WHAT IS EXPECTED
The first line of the entries through the line bearing "4、在登录页面,填写手机号码、验证码,再点击登录,完成登录操作。": copy these lines exactly and return nothing else.

=====

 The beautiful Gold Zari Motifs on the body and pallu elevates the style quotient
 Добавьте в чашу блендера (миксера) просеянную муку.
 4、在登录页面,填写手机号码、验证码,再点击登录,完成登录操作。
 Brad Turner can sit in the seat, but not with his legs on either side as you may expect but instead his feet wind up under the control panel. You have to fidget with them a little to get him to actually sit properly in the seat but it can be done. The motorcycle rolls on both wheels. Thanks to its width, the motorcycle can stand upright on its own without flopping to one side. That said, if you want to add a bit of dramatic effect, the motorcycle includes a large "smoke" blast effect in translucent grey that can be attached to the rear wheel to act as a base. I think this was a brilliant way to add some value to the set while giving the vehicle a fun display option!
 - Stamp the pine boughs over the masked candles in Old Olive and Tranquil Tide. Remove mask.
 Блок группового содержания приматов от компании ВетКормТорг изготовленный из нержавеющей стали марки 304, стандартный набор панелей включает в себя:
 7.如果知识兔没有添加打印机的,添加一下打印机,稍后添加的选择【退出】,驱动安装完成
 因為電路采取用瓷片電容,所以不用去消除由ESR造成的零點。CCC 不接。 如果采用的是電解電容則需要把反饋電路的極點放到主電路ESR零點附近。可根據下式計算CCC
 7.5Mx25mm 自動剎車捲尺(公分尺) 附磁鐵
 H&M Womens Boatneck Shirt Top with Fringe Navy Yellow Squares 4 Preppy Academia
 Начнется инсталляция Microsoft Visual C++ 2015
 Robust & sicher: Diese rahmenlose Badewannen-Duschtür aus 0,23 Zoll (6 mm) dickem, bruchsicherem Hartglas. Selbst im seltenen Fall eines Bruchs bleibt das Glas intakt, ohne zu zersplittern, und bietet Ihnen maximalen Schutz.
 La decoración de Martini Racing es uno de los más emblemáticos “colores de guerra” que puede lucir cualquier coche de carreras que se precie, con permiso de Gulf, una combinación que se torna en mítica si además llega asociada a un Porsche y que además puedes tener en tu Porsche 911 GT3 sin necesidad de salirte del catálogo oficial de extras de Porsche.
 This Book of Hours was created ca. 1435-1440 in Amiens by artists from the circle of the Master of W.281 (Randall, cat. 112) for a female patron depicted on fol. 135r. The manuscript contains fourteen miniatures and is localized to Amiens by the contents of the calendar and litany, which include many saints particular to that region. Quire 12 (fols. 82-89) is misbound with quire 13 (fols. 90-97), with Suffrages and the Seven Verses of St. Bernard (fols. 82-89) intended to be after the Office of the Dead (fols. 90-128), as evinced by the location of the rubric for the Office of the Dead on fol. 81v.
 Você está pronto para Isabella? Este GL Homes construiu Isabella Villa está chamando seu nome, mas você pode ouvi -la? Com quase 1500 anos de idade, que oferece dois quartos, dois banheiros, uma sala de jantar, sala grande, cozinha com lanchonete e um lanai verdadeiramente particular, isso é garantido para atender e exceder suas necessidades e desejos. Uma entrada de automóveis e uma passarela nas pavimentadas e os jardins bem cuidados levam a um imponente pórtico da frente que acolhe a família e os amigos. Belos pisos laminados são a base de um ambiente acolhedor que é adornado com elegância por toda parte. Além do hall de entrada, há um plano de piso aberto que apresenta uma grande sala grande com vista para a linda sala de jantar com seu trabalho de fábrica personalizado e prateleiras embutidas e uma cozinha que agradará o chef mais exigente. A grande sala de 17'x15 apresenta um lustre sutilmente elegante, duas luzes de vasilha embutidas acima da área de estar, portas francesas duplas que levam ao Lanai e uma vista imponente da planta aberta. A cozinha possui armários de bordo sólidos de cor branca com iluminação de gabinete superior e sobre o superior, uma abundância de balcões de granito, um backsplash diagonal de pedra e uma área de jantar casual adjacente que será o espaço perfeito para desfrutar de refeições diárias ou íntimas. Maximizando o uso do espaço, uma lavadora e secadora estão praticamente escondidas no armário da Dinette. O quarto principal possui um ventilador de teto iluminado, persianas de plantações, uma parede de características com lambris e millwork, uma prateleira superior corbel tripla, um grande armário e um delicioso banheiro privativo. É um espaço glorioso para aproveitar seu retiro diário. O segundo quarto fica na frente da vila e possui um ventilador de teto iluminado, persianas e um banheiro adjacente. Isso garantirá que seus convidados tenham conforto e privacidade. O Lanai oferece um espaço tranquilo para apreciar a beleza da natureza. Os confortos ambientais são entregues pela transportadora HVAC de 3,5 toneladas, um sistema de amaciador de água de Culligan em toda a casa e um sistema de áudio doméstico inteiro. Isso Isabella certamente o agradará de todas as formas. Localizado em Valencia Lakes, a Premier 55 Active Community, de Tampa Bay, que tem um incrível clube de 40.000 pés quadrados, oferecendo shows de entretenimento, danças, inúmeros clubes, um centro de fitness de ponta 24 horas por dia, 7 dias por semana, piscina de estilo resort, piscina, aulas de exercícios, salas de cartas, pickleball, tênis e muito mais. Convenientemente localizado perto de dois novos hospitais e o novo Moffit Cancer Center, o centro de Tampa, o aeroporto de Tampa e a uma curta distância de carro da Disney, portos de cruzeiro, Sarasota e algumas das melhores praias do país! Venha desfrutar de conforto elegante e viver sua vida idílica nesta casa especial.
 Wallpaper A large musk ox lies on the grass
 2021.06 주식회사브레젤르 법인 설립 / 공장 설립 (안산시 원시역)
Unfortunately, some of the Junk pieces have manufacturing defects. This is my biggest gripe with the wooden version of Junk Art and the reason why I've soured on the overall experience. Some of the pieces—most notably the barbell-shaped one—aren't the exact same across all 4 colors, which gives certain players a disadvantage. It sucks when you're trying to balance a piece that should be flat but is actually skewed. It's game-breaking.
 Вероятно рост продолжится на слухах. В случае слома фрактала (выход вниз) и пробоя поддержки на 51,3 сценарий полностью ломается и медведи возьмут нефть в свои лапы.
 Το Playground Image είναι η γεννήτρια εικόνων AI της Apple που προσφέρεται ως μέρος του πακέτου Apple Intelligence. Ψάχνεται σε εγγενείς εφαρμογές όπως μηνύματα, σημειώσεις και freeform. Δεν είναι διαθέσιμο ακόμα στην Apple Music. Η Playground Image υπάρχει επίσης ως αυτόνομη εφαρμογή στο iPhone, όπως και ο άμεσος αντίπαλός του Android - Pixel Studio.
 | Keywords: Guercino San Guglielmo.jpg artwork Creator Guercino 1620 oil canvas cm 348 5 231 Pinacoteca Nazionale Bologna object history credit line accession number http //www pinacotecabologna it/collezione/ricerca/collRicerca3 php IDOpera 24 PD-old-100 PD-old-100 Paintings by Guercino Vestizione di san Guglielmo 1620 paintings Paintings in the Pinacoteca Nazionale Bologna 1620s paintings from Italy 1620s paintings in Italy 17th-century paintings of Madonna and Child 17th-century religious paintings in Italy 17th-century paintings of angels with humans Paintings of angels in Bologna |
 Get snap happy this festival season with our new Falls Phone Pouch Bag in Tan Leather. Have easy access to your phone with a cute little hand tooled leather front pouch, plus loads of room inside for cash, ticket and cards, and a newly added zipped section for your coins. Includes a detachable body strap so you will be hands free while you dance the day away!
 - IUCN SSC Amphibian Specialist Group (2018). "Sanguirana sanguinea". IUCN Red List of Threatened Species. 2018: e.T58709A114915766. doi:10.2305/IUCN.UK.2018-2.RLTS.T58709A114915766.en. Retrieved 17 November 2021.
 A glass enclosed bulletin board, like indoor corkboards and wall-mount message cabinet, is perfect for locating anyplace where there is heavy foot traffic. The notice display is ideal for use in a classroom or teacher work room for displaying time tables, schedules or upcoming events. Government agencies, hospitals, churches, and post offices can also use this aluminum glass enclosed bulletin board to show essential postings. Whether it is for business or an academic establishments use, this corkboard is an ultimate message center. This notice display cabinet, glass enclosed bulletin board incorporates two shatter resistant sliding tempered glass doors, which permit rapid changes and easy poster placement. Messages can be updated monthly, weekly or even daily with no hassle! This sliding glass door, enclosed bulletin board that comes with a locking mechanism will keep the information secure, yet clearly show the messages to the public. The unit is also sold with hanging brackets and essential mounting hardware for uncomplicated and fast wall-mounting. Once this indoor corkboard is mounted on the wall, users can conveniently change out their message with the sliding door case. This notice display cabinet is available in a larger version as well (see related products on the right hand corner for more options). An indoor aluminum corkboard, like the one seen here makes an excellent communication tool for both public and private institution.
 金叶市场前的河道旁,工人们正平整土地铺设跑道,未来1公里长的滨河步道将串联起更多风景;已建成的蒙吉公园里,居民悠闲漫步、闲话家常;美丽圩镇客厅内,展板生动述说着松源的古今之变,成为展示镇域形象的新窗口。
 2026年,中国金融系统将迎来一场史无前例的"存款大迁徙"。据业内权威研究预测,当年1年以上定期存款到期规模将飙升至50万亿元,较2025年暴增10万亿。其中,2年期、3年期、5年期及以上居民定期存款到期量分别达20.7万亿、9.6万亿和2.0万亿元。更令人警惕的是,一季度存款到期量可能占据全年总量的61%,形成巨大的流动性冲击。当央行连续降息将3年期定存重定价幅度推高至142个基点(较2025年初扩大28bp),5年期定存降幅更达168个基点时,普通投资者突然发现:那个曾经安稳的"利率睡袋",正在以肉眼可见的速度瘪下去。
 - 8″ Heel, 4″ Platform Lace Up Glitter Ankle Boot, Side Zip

=====

YOUR SOLUTION
 The beautiful Gold Zari Motifs on the body and pallu elevates the style quotient
 Добавьте в чашу блендера (миксера) просеянную муку.
 4、在登录页面,填写手机号码、验证码,再点击登录,完成登录操作。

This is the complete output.